The MCU's solution for the so-so fan reaction to Thor was turning him into a comedy character; "Thor: Ragnarok" director Taika Waititi admits he saw the source material only as something to mock. This comedic turn played to Chris Hemsworth's acting strengths (until "Love and Thunder" anyway), but it lays bare the MCU's trusted hook: laugh at yourself and make the audience think they're in on the joke. Some, like "Avengers" writer/director Joss Whedon and "Guardians of the Galaxy" helmsman James Gunn, balance the humor with pathos, but most of the MCU doesn't even pretend to walk that line and instead collapses into a parodic husk.
In "Immortal Thor," the Thunderer's greatest adversary is that husk.
Marvel superheroes as modern mythology
Superheroes have often been described as "modern mythology." The fact that Marvel Comics directly incorporates the Norse God of Thunder while DC Comics draws on Greek myths for Wonder Woman feeds this argument. This notion is even uncritically presented in George Miller's "3000 Years of Longing," a movie all about how storytelling is a constant of history. (Miller himself was attached to a "Justice League" movie at one point.)
Al Ewing takes this argument into account. His prose in "Immortal Thor" is penned like that of an epic, dazzling the reader in equal measure as Alex Ross' painted covers and Cóccolo's sweeping interior art of battles and Thor soaring with the wind on his back. Ewing opens most issues with a relevant quote from Norse poetry book "The Elder Edda of Saemund Sigfusson," drawing a direct line from superheroes to those epic poems (and encouraging comic book fans to read more than just comics).
"Immortal Thor" is about the stories people tell (Thor's brother Loki is the God of Stories). Ewing is telling an epic story and his writing shows that pride, in stark contrast to the embarrassment and self-deprecation the MCU does when it gets weird. ("Spider-Man: No Way Home" using the name "Dr. Otto Octavius" as a punchline gave me one of the widest eyerolls of my lifetime.) Ewing doesn't, however, take the idea of superheroes as "modern myths" at face value. He digs in, unpacking what such a thesis means and without shushing arguments against it.
The foes of the Mighty Thor
The first trial for Thor in this series is Toranos, an elder God hailing from "Utgard" (in Norse myths, the third realm of Yggdrasil after Midgard and Asgard). Toranos, who dwarfs Thor in the same way the Son of Odin dwarfs us mortals, also commands the storm with greater experience and power than Thor does. He's also named after the Celtic God of Thunder (who wielded a wheel rather than a hammer). Different cultures create similar yet distinct myths, and those myths conflict.

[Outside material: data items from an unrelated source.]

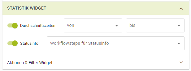 ![]() | Das Statistik Widget bietet eine Schnellindikation der Produktionszeiten, hier wird bspw. die Durchschnittsdauer eines Artikels vom Status "bestellt" bis zum Status "geschickt" visualisiert. Zusätzlich werden alle Artikel eines dezidierten Status zusammengezählt und visualisiert (z.B.: Bestellt: 17 Stück , Geschickt: 26 Stück) |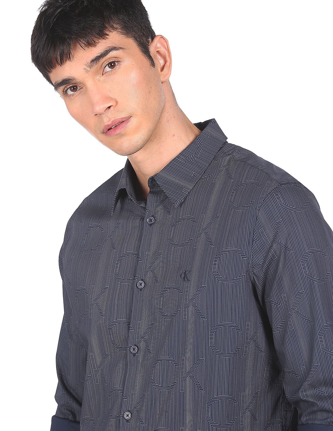 Men Navy French Placket Printed Smart Casual Shirt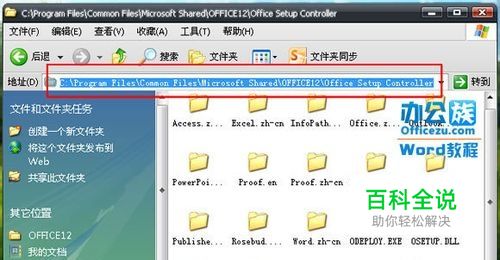 找到Office2007的安装目录,一般情况下是在C盘,打开路径:C:\Program Files\Common Files\Microsoft Shared\OFFICE12\Office Setup Controller;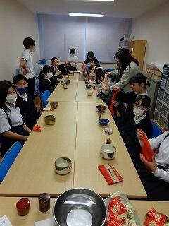 まずは、茶道クラブです。今日は袱紗(ふくさ)のたたみ方、使い方を学んでいました。子どもたちに教えてもらいながらやってみますが、作法を含むたたみ方なので単に畳むのとは違うことを知りました。「これ、最初に4つ折りにする意味ないよね?」などと話していたら、子どもたちに「作法ですから」と叱られました。それを外部講師の先生が微笑んで見ておられました。たいへん失礼しました。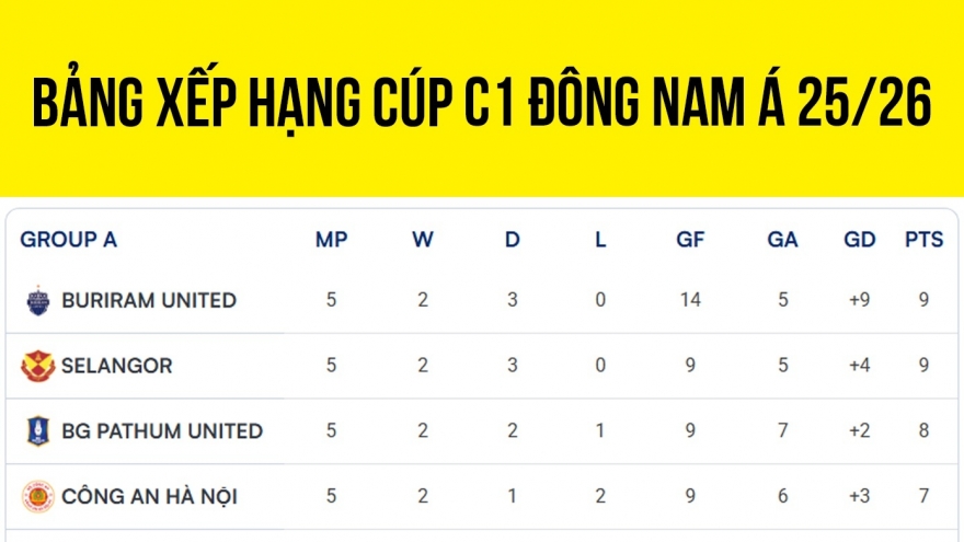 VOV.VN - Cập nhật bảng xếp hạng Cúp C1 Đông Nam Á 2025/2026 mới nhất sau lượt trận cuối bảng A: Buriram United (Thái Lan) và Selangor (Malaysia) chính thức giành vé vào vòng bán kết.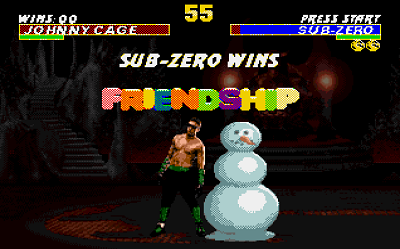 На экране выбора бойца есть некий таинственный серый фирменный значок, который находится в правом нижнем углу. Выбрав его для поединка, Вы начнете битву, управляя героем по имени Noob-Saibot. Однако, как только поединок начнется, он моментально потеряет всю энергию и упадет.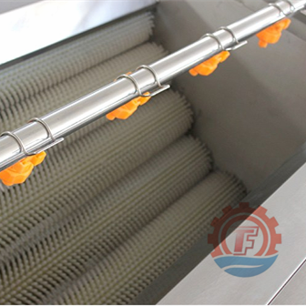 1. 设备采用尼龙刷丝,耐磨不掉毛等精细材料,毛辊在电机的带动下通过相对逆向滚动,与产品直接接触产生摩擦达到去皮效果;并设有特制的自动高压喷淋喷头进行边去皮边冲洗,即可达到产品清洗并去皮的效果;
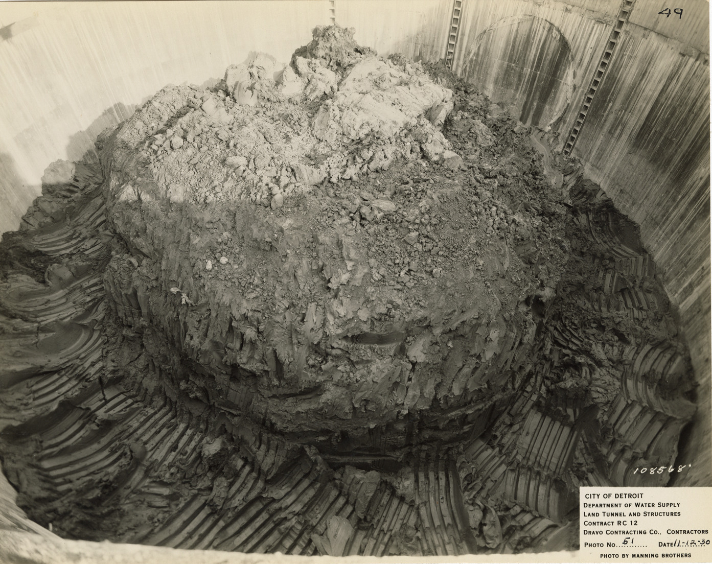 View of screen chamber caisson during construction, Waterworks Park, Detroit water supply system. Printed on front: "City of Detroit. Department of Water Supply. Land tunnel and structures. Contract RC 12. Dravo Contracting Co., contractors. Photo no. 51. Date: 11-12-30. Photo by Manning Brothers." Typed on back: "Screen chamber caisson; sinking caisson by excavating annular trench and leaving a core to prevent heaving of bottom and rapid sinking."

Since Thor realizes he is just one permutation of the God of Thunder, in "Immortal Thor" #4-5, he calls down other Thunder Gods (including Storm of the X-Men) to defeat Toranos. However, the real threat to the Earth is more slow-boiling.
One of Thor's newer adversaries is Dario Agger (introduced by Jason Aaron and Esad Ribic in 2014), the CEO of energy company Roxxon (read: Exxon). He also possesses the power to turn into a Minotaur, and stays that way more often than not. The absurdity of a bull-headed man in an Armani suit is part of the bit. Agger stays transformed as a taunt, showing that no one with the power to arrest him cares or wants to challenge another member of the 0.1%, even though he's literally a monster.
Agger's goal? Hasten ecological collapse so as to make Roxxon's stock go higher and higher, then start over on another world and repeat. His paradise is glimpsed in "Immortal Thor" #9; a wasteland where the only remaining life is a dome containing picket fence suburbia; the rich live on borrowed luxury time while workers are chattel. Parody, or just a peek into the mind of the elite, where humanity exists to serve capital, not the other way around?
How can the Immortal Thor save the Earth?
Toranos was summoned by Gaea — the spirit of the Earth, a fellow Elder God, and Thor's mother — in hopes he would destroy the humans that poison her. After a mother-son chat, Thor sets off to once more clash with Agger. This is where the meta text of "Immortal Thor" takes hold.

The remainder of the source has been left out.